Dúvidas frequentes
Como funciona, quanto custa e o que esperar de um recurso.
Vale a pena?
Isso funciona mesmo? Qual a chance de anular a minha multa?
Funciona — e dá para conferir por fora.
A CET-SP publicou, por Lei de Acesso à Informação, o resultado de todos os recursos que julgou entre 2022 e 2025: 476 mil defesas prévias e 321 mil recursos à JARI.
Nesses números, mais da metade dos recursos foi deferida — 55,1% em defesa prévia e 59,7% na JARI. Em algumas infrações a taxa é bem maior:
- restrição de circulação por local e horário — 79,6% deferidos
- rodízio municipal — 76,8% deferidos
- restrição de circulação para caminhão, na JARI — 64,7% deferidos
Duas ressalvas honestas. Primeiro: esses são os números de todo mundo que recorreu, por conta própria ou com ajuda — não são os nossos. Segundo: ninguém pode prometer resultado, porque a decisão é sempre do órgão.

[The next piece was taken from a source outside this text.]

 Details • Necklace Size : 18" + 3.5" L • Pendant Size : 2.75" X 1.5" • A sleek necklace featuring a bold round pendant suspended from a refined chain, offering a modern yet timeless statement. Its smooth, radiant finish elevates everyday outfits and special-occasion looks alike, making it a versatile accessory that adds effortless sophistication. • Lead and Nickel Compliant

O que esses dados mostram é outra coisa, e é o que importa: recorrer não é perda de tempo. A maior parte das pessoas que recorre na CET-SP consegue.

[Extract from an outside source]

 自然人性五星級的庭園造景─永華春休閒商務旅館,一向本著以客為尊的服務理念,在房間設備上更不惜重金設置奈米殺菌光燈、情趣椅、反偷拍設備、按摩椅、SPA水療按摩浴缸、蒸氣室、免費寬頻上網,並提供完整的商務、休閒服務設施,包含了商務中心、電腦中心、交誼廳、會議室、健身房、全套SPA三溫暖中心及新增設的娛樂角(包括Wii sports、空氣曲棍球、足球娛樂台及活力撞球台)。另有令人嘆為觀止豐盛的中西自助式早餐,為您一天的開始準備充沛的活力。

Fonte: CET-SP, LAI PR 95404, decisões de 2022 a 2025.
Quanto custa?
O recurso sai por R$19,90 ou R$39,90 — o trabalho é exatamente o mesmo nos dois.
A gente cobra menos quando a probabilidade de anular a multa fica abaixo de 50%. Quem define isso é a análise, não a gente.
O diagnóstico é gratuito e mostra o seu preço antes de você decidir qualquer coisa. Você só paga se quiser seguir.
Existe também o Plano Risco Zero, com uma lógica diferente — explicado logo abaixo.
O que é o Plano Risco Zero?
É o plano em que o risco do resultado é nosso, não seu.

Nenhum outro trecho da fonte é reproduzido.